When it swished shut, I shook so much that I collapsed against the nearest lab table. Jeltom did not approach; he did not offer me an arm of comfort the way my three other assistants were huddling together. He gave me a dark stare, his eyes gleaming with my reflection. “We’re screwed, Danitalin. How close are you, really?”
My gaze went to the failed experiment I’d abandoned last night, my expression growing tight. I did not want to disappoint them, but I knew we were still weeks away from anything viable. It had seemed we were closer last week than we were now. This was bad, this was really bad.
I shook my head—just a tiny jerk of my chin—but I felt the wave of fear and disappointment crash into me like a tidal wave. Jeltom’s, the others’, my own. I collapsed from the weight of it, my knees simply giving out. Nobody came forward to help me up; I was on my own.
Chapter 3
Jaxin
My body was beginning to feel like my own again. I hadn’t thought it ever would, but three days ago, I’d woken up and hadn’t felt like my chest was breaking apart. This morning, getting out of my tank, I felt like a new male. Perhaps that had to do with the note Ysa had sent to my comm—somehow timed to play right as I woke, so it was the first thing I heard as I stomped into my boots.

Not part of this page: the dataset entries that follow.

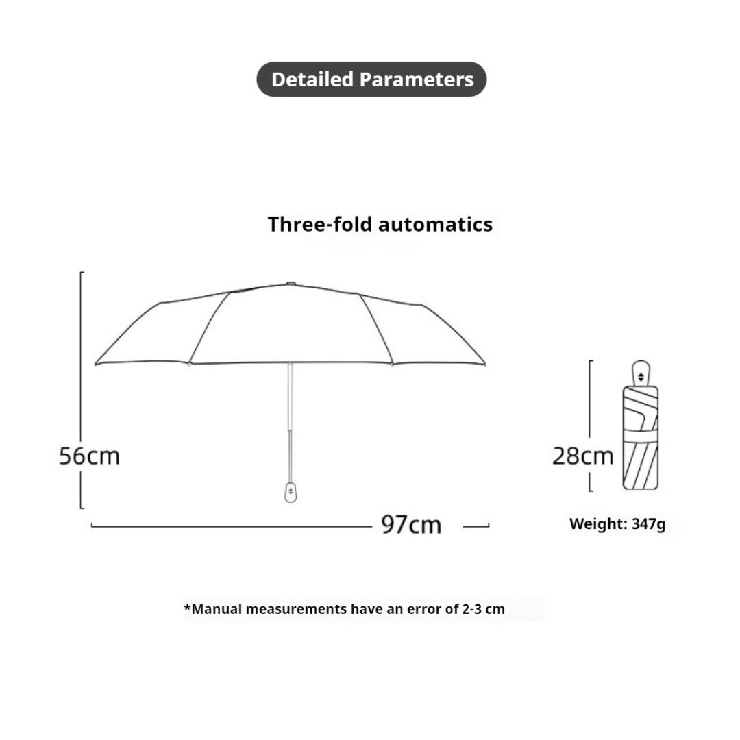 - ☔自動開啟/關閉:只需按一下按鈕,雨傘就會自動開啟和關閉,即使單手也能輕鬆使用。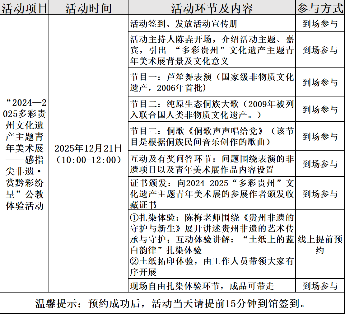 2025年12月21日(周日),由中共贵州省委宣传部、贵州省文化和旅游厅主办,贵州画院(贵州美术馆)承办的“2024—2025多彩贵州文化遗产主题青年美术展公教体验活动——感指尖非遗·赏黔彩纷呈”将于贵州美术馆一楼仪式大厅开展。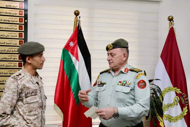 كرم مدير عام الخدمات الطبية الملكية العميد الطبيب يوسف جمال زريقات اليوم الاثنين الملازم/١يزن الزعبي من مرتب قيادة معسكر الخدمات الطبية الملكية لعثوره على مبلغ مالي قيمته ٣٨٠ دينار قام بتسليمه على الفور لمدير مركز القلب من باب الامانة والصدق والحرص على المؤسسة التي يعمل فيها.

“Report to engineering, shark dude,” that’s what she said in her cheerful voice. She had a thick accent on the word “shark”—she wasn’t human, but Ulinial—and she’d just enjoyed adopting the description very much. I didn’t know why that message made my heart pound with hope, but it did. Perhaps it had something to do withthe fact that I’d begged her to take the broken, shattered pieces of Bex and solder her back together.
It was one of my lowest points, begging Ysa from my hospital bed to fix my precious cannon. Even after a round of emotion-numbing exercises, it still made my throat grow tight recalling the absolutely devastated expression in her eyes when she had to deny my request. I’d never seen tough-as-nails Ysathea cry, but that had done it.